◆ **Aim of the exercise**:
Copy nothing but the lines below, from the one with "На страницах сайта" through the one with "着け心地の良い太めの甲丸リン", exactly as written; no pictures should appear.
[Opening Supplied material section]
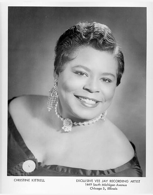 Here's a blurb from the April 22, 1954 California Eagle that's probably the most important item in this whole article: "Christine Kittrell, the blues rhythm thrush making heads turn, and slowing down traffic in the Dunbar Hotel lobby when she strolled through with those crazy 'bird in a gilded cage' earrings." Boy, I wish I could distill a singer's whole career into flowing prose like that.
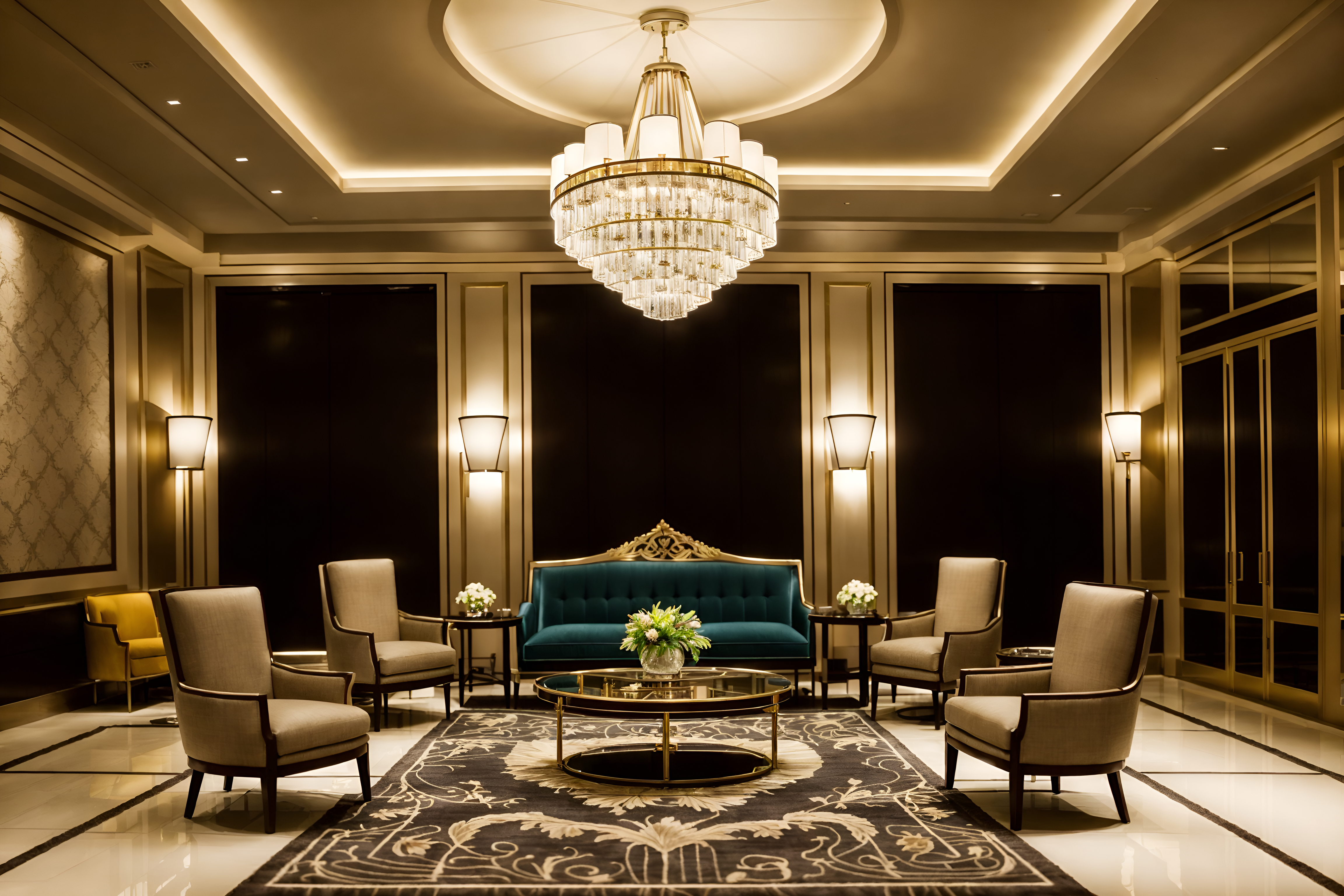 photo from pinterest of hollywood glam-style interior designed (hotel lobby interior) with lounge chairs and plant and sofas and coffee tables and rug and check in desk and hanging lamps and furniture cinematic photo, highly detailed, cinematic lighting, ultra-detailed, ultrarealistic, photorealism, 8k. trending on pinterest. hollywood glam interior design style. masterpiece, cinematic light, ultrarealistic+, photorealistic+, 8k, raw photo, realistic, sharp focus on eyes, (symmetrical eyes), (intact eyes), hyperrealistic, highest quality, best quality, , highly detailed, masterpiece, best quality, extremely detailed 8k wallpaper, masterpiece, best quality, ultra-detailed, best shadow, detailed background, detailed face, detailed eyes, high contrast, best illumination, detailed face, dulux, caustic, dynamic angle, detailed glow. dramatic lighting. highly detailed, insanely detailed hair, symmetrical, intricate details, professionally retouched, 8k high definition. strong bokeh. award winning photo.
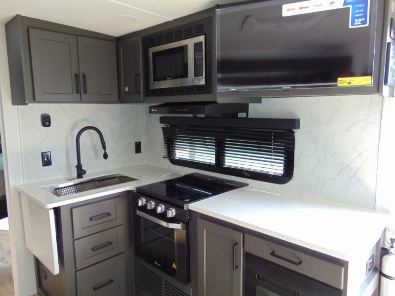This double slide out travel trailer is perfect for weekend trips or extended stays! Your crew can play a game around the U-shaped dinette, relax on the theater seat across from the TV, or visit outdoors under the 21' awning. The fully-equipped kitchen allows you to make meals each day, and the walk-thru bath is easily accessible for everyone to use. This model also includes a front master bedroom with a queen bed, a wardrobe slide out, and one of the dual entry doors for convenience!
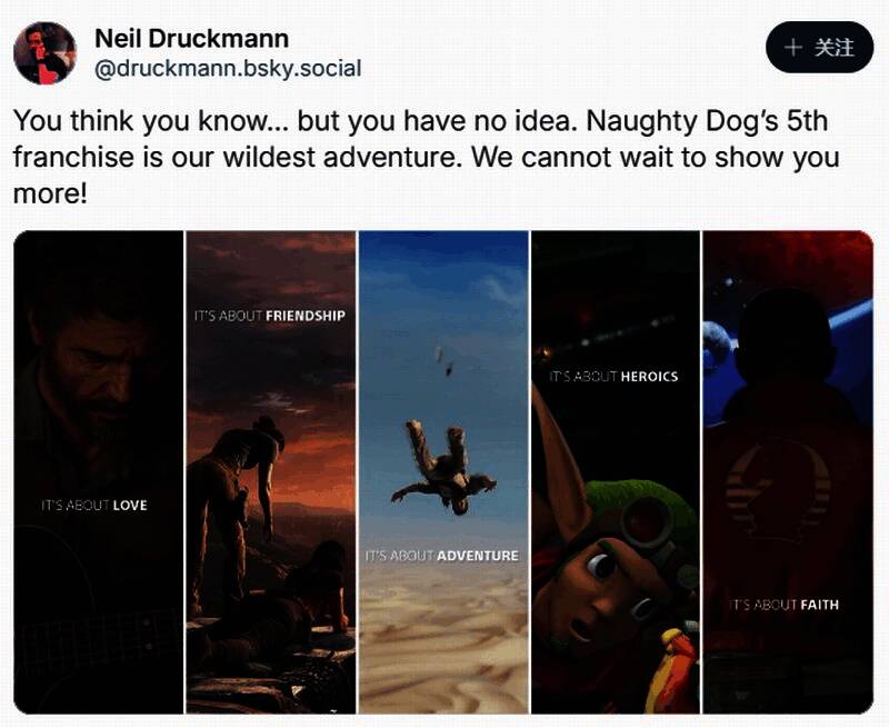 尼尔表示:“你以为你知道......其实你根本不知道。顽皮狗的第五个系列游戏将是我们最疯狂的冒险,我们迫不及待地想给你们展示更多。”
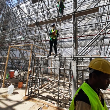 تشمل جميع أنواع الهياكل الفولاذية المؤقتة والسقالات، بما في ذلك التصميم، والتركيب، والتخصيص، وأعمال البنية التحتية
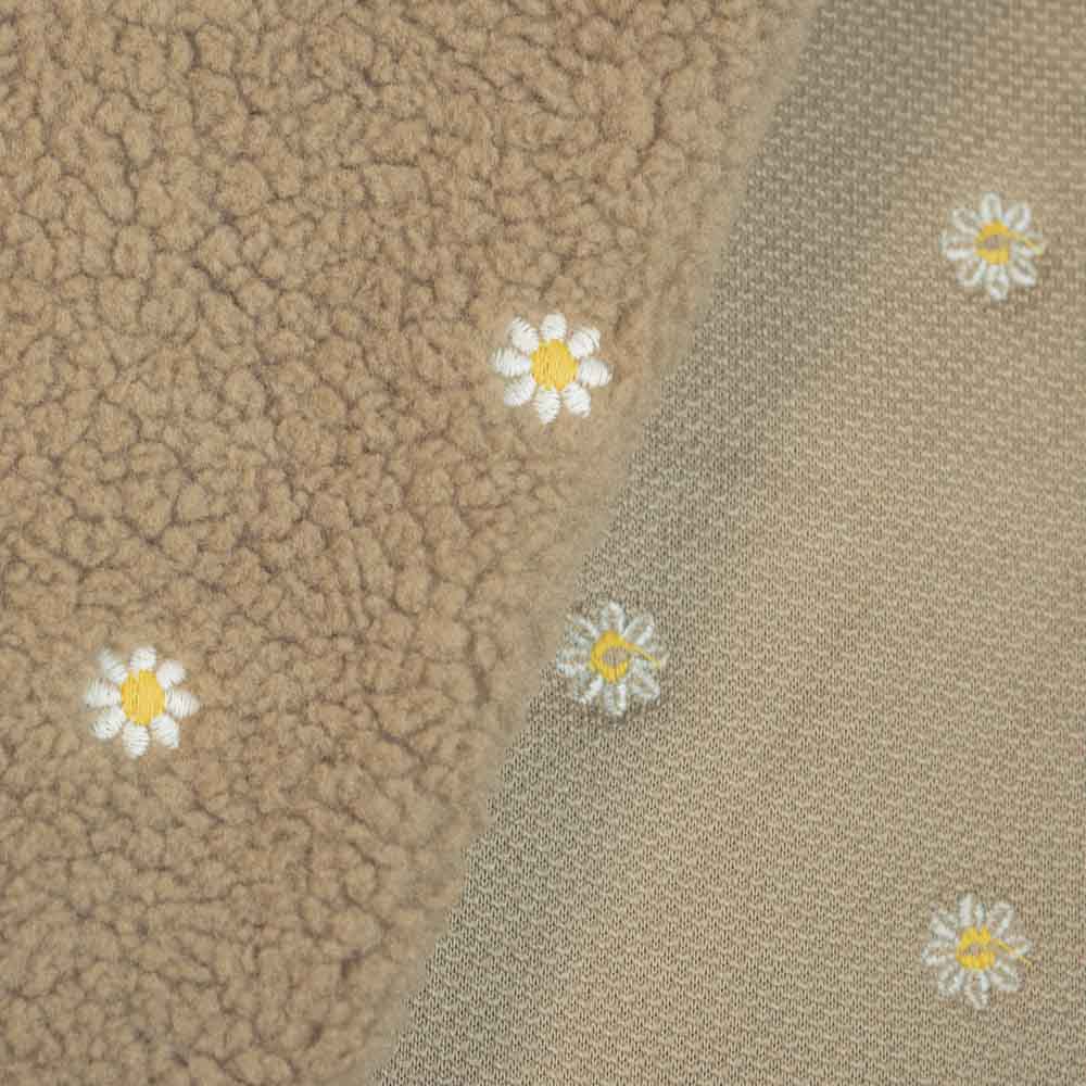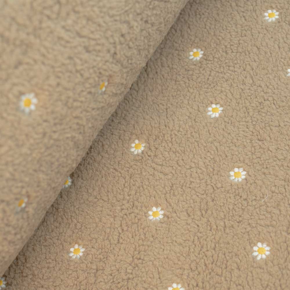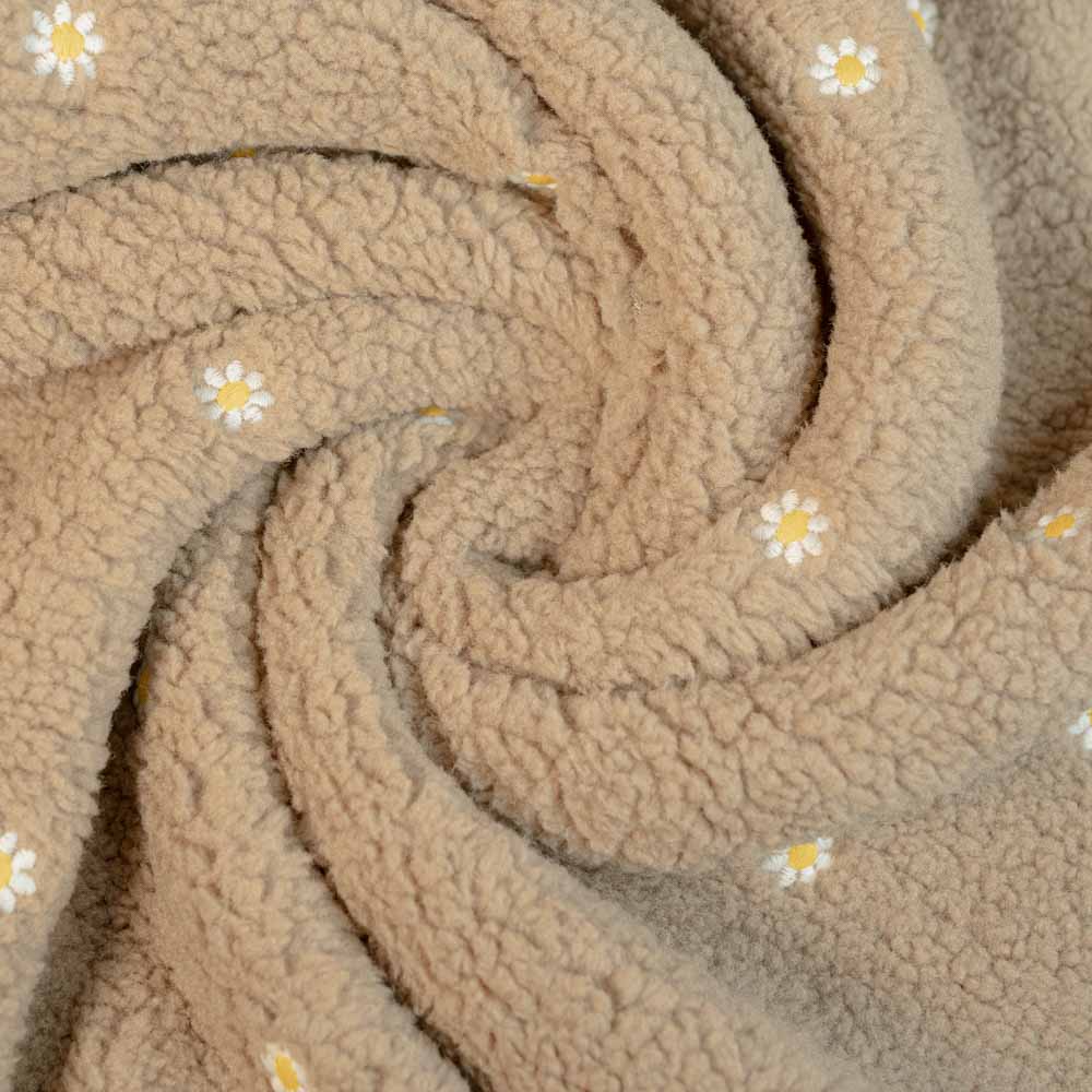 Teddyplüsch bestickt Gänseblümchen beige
[Closing Supplied material section]
[Opening Supplied material section]
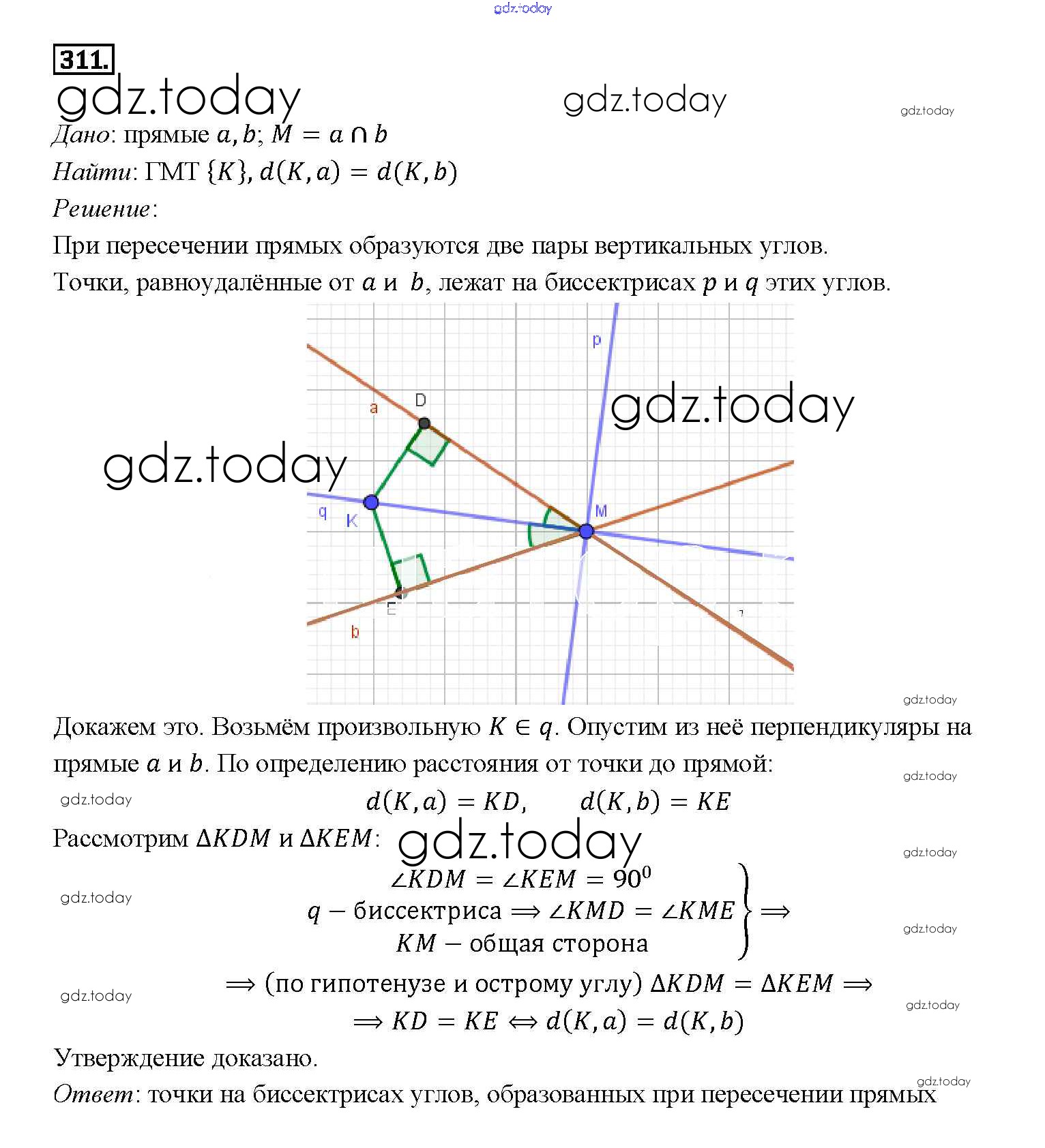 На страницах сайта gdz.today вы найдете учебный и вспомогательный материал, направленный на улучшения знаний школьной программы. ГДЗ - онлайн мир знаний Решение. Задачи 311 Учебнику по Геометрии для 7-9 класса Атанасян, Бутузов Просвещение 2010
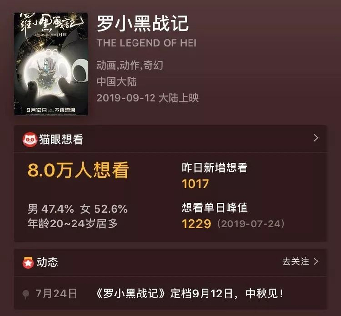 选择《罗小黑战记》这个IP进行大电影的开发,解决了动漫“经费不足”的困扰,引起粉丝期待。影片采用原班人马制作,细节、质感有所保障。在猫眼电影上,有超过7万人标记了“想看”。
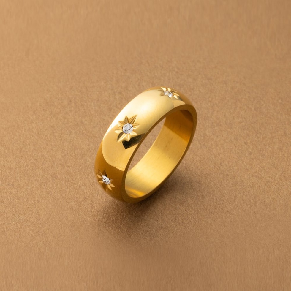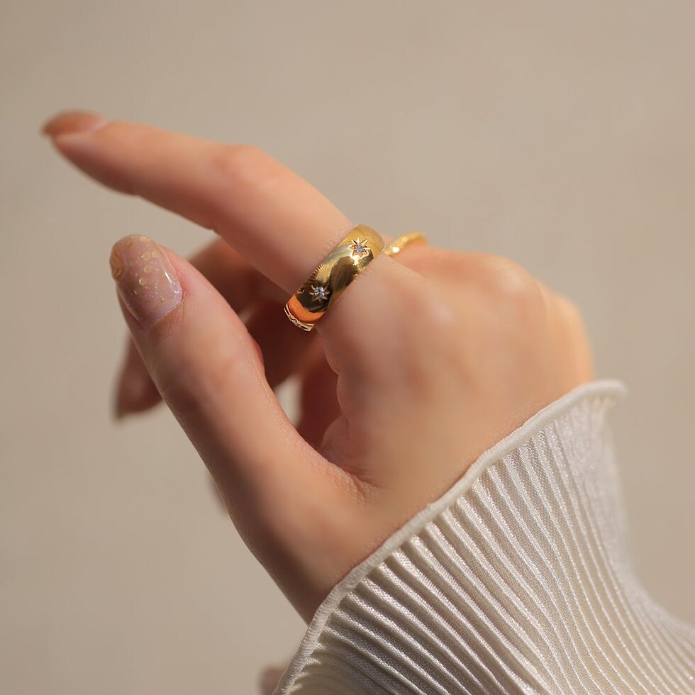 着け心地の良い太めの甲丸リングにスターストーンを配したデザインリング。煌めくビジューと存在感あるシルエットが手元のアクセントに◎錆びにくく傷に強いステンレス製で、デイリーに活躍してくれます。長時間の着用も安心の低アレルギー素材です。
[Closing Supplied material section]
◆ **Response to this task**:
 На страницах сайта gdz.today вы найдете учебный и вспомогательный материал, направленный на улучшения знаний школьной программы. ГДЗ - онлайн мир знаний Решение. Задачи 311 Учебнику по Геометрии для 7-9 класса Атанасян, Бутузов Просвещение 2010
 选择《罗小黑战记》这个IP进行大电影的开发,解决了动漫“经费不足”的困扰,引起粉丝期待。影片采用原班人马制作,细节、质感有所保障。在猫眼电影上,有超过7万人标记了“想看”。
 着け心地の良い太めの甲丸リングにスターストーンを配したデザインリング。煌めくビジューと存在感あるシルエットが手元のアクセントに◎錆びにくく傷に強いステンレス製で、デイリーに活躍してくれます。長時間の着用も安心の低アレルギー素材です。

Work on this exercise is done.